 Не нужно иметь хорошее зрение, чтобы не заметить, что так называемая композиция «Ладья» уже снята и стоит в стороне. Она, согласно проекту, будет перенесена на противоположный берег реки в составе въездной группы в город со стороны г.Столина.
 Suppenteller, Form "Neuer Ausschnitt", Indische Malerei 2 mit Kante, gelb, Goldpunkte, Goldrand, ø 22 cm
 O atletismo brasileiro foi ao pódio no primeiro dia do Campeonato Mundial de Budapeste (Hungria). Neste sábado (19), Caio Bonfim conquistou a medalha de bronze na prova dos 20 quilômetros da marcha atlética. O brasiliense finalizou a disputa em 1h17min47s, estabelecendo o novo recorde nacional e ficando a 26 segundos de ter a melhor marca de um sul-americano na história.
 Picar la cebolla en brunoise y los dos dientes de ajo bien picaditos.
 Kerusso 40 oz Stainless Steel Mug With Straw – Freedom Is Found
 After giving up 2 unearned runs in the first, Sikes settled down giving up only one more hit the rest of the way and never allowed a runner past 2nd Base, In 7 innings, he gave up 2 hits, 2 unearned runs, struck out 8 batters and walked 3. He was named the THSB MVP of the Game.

WORK ORDER ::
Retype word for word the lines running from the line containing "Picar la cebolla" to the end of the listing, and only those.

ANSWER SECTION ::
 Picar la cebolla en brunoise y los dos dientes de ajo bien picaditos.
 Kerusso 40 oz Stainless Steel Mug With Straw – Freedom Is Found
 After giving up 2 unearned runs in the first, Sikes settled down giving up only one more hit the rest of the way and never allowed a runner past 2nd Base, In 7 innings, he gave up 2 hits, 2 unearned runs, struck out 8 batters and walked 3. He was named the THSB MVP of the Game.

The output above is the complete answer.